Get Up ‘N’ Dance with KC & the Sunshine Band , the Village People , the Trammps , Anita Ward , Thelma Houston , Martha Wash and more, at the Air Canada Centre, August 26. Tickets: $65. Attendance: 3,200. Rating: NN Rating: NN


I was pretty shocked to find the Air Canada Centre less than half full for the Get Up ‘N’ Dance party last Tuesday night. I mean geez. It was KC & the Sunshine Band ! The Trampps ! The Village People ! Woohoo! Where was everybody? Anita Ward ! Thelma Houston ! Woohoo! Hello? I’m a huge sucker for these types of trips down memory lane, and since I was around five years old in the disco days I wasn’t allowed to cross that particular thoroughfare without an adult holding my hand. And I have to admit that more often than not I expect these journeys to be way more exciting than they actually end up being.

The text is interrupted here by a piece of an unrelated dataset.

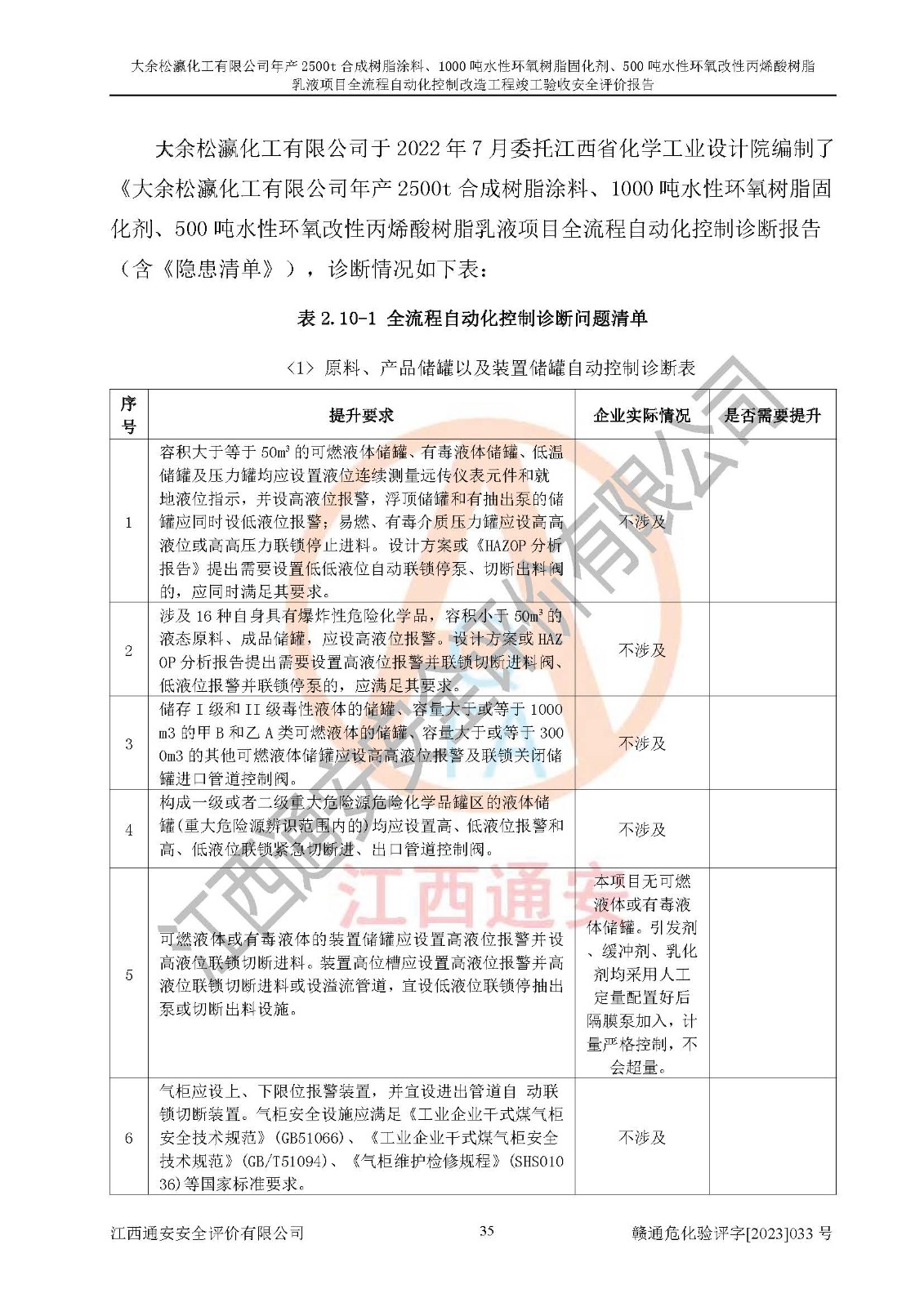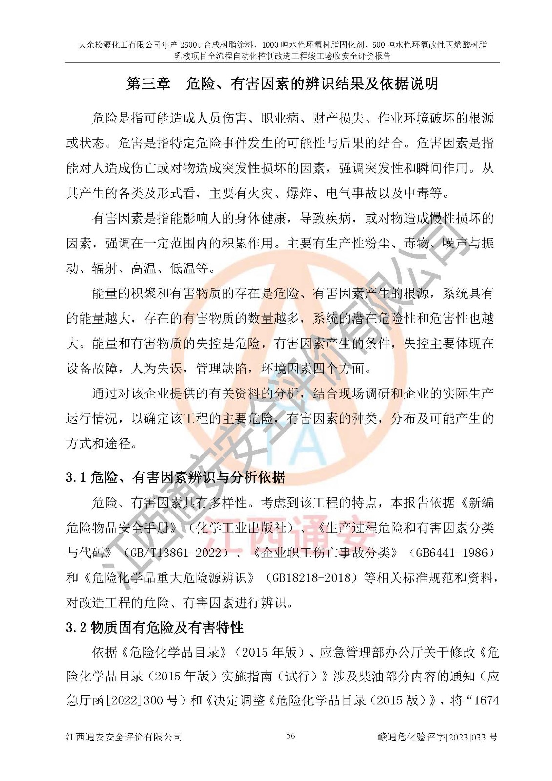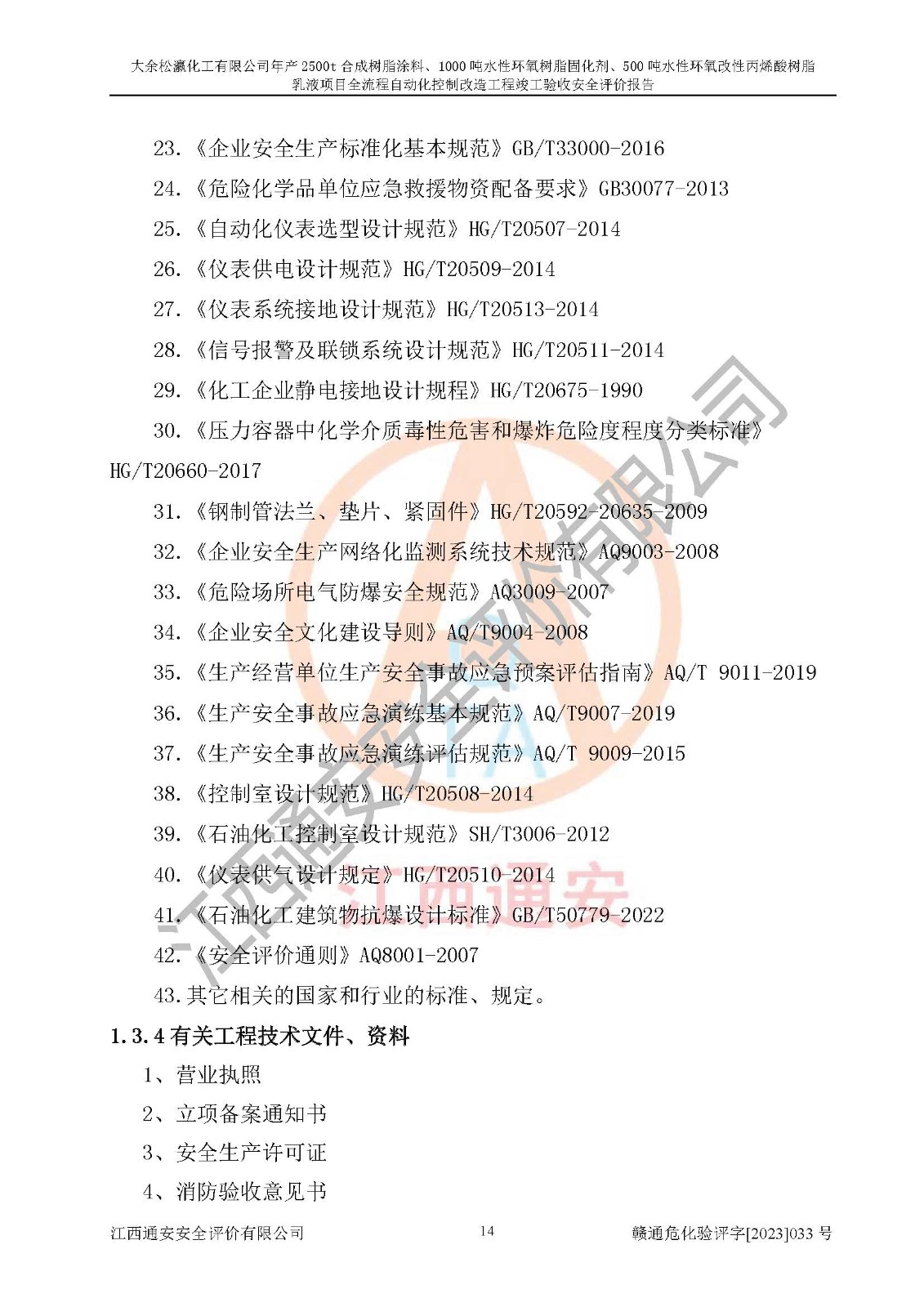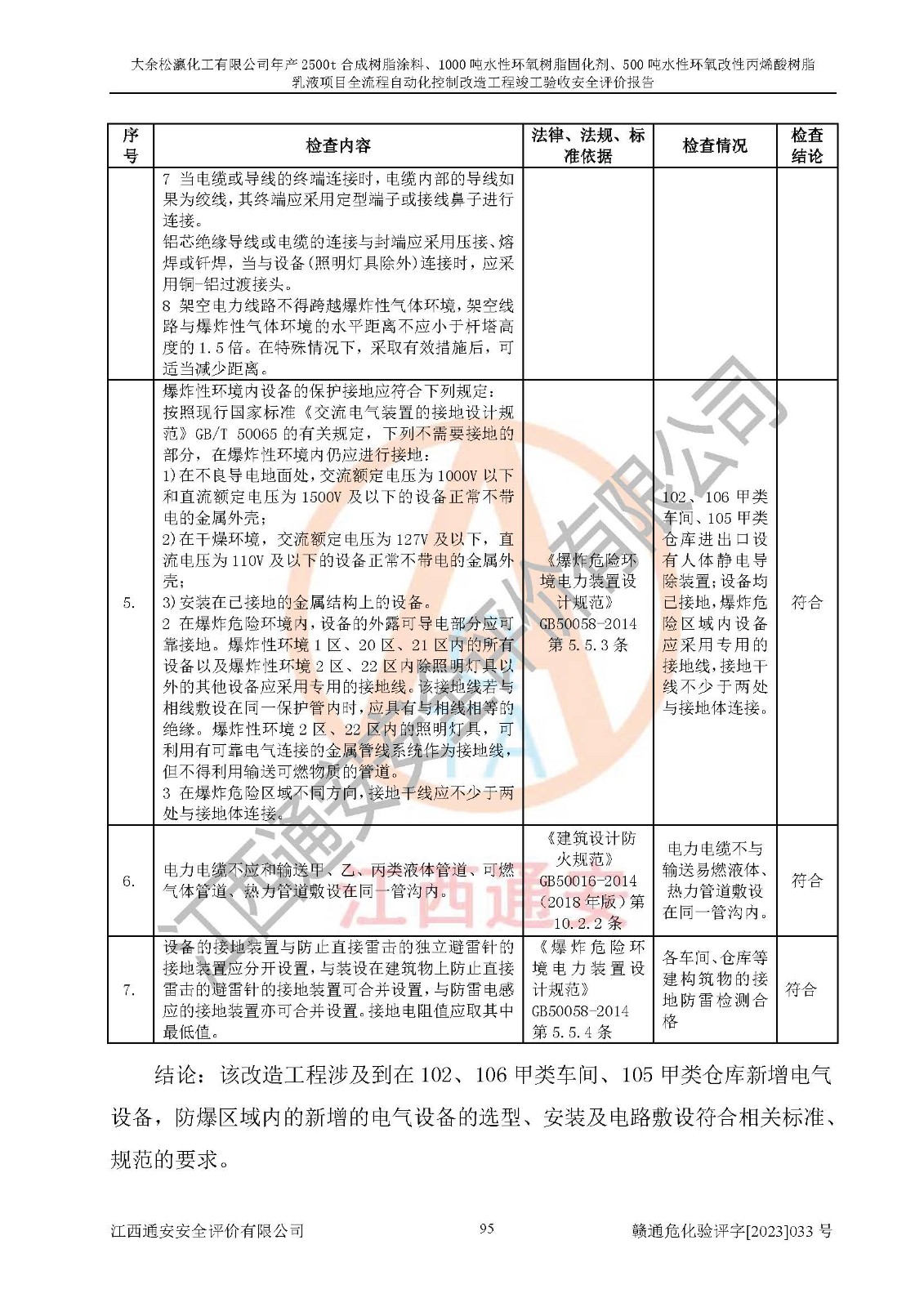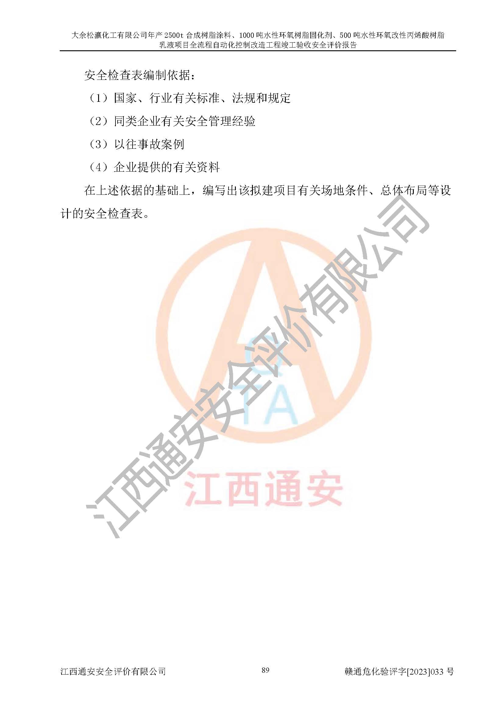 項目名稱 | 大余松瀛化工有限公司年產2500t合成樹脂涂料、1000噸水性環(huán)氧樹脂固化劑、500噸水性環(huán)氧改性丙烯酸樹脂乳液項目全流程自動化控制改造工程竣工驗收安全評價報告 | ||||

Many of the people on the bill had only a tune or two to showcase, like Anita Ward, who sang her hit, Ring My Bell, and one other song nobody had ever heard of. Thelma Houston gave us Don’t Leave Me This Way along with a medley of Motown tunes I could have done without, accompanied by hyperactive Solid Gold-style backup dancers I also could have done without. Her dress, however, I must say, was hot pink, mini and fabulous. For the Trammps, of course, it was Disco Inferno. For Martha Wash , It’s Raining Men.

Sure, these tunes are fun, but they’re really nothing to get excited about, since they’re already pretty ubiquitous.

Only the Village People and KC & the Sunshine Band had more than one or two substantial hits, yet they still don’t have enough to play a show on their own.

Alas, it felt like a desperate bid on the part of the performers to relive glory days. The Village People are exempt from this, of course, since none is actually a member of the original outfit. They’re more like the product of some weird estate administered by straight guys putting it out for the gay man.

KC’s attempts to make the affair a grandiose one, complete with hoochie dancers, was just bizarre – proof that a little modesty can often make you look better than providing your own fanfare.

Because these songs have survived so well and been permanently embedded in the modern pop culture psyche, it’s easy to forget that they were all these people had going for them and, like many hits, were often flukes.

The show did deliver what it promised, but none of these one-hit-wonders have stood the test of time as performers nearly as well as their hits.